WHAT TO WORK ON: Lines from the start of the data through the line containing "그림과 같이 한 꼭짓점" must be given again exactly. Leave the others out.

GIVEN MATERIAL:
________
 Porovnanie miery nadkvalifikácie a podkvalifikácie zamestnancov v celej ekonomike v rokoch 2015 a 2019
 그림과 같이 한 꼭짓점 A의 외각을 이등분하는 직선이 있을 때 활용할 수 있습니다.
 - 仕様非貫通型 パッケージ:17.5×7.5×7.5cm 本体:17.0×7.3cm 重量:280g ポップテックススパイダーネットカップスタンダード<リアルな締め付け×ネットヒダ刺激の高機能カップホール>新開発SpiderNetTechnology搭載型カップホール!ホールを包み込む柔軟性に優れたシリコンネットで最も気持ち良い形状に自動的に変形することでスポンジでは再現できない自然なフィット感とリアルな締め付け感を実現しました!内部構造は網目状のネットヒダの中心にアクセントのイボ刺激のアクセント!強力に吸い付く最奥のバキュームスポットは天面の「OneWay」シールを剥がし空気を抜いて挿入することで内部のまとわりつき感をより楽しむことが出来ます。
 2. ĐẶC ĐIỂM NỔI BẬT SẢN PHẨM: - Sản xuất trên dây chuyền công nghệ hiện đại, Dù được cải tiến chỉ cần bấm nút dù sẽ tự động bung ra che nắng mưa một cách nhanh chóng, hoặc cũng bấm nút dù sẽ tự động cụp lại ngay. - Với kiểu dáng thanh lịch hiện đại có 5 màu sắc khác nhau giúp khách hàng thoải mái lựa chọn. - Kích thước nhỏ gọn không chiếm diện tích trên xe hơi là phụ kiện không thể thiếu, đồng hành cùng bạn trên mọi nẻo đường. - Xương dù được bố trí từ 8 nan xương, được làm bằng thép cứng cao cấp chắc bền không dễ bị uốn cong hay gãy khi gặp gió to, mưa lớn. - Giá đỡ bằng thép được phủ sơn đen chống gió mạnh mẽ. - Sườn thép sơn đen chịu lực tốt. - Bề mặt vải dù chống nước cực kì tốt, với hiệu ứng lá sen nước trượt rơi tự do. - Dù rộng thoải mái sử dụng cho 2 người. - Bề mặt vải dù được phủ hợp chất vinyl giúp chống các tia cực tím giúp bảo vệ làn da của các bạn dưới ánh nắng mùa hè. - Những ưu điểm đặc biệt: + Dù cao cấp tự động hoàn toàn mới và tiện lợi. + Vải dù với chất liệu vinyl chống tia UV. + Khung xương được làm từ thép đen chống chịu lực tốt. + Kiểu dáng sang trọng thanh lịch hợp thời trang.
________
ANSWER:
 Porovnanie miery nadkvalifikácie a podkvalifikácie zamestnancov v celej ekonomike v rokoch 2015 a 2019
 그림과 같이 한 꼭짓점 A의 외각을 이등분하는 직선이 있을 때 활용할 수 있습니다.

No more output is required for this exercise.